I have a final at 3:30PM and I haven’t even printed out the notes. But it doesn’t matter, because I just passed a different sort of test with flying colors. Kiki, I couldn’t do it without you. Look at how far I’ve come…look at how far I’ve come.
Twin angels, will stick together…forever…even if only in spirit. It’s wonderful to be able to communicate something directly to someone using only your eyes and the slightest of head motions. It’s wonderful to have someone understand you in that way.
Screw the final. Screw it, I say. I’ve got bigger fish to fry. Like my happiness. This is the new and improved Timm[ie], the one who sets his foot down and says “enough!”
Lately I’ve realized that social dance can be a single-player game as well. And sometimes, dare I say it, it’s even better that way. I should probably be careful not to take advantage of it too much (I didn’t tonight, which I’m glad I didn’t), but no longer am I just going to sit out on dances that I want to participate in but don’t have a partner for.
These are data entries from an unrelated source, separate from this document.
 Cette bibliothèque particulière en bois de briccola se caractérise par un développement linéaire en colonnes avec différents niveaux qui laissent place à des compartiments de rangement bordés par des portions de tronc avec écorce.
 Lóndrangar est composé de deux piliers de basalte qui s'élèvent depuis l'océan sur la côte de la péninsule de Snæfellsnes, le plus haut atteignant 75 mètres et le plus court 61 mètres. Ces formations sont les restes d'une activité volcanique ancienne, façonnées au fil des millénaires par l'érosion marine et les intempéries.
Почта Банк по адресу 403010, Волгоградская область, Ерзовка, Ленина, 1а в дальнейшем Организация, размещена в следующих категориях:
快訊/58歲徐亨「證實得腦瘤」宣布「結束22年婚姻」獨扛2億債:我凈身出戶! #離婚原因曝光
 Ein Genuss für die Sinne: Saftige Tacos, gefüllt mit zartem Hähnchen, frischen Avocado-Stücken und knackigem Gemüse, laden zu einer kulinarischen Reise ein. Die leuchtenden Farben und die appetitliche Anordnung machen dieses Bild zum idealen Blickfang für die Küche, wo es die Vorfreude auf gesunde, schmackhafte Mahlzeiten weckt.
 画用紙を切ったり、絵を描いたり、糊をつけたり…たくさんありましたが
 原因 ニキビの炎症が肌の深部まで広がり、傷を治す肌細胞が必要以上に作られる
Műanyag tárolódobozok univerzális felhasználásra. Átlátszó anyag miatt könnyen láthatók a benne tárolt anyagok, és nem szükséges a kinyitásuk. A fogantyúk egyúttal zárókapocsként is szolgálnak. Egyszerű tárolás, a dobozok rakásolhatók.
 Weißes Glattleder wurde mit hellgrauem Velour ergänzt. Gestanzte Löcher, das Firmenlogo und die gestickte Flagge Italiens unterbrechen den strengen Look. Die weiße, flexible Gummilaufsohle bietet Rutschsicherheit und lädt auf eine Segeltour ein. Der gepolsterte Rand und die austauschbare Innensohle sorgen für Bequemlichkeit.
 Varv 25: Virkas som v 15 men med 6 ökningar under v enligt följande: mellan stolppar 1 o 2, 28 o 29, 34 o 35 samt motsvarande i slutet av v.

I’m not going to sit back and nervously contemplate my own insecurities and lack of self-confidence. No, no, no. That’s all silly. I’m just going to go out there, free of any partner, free of any restrictions, free of any expectations, free of any judgment, and just spin around, eyes half closed, listening only to the music and paying only enough attention to the people around me to weave in and out of them, almost effortlessly. Just like glowsticking at Fanime last year.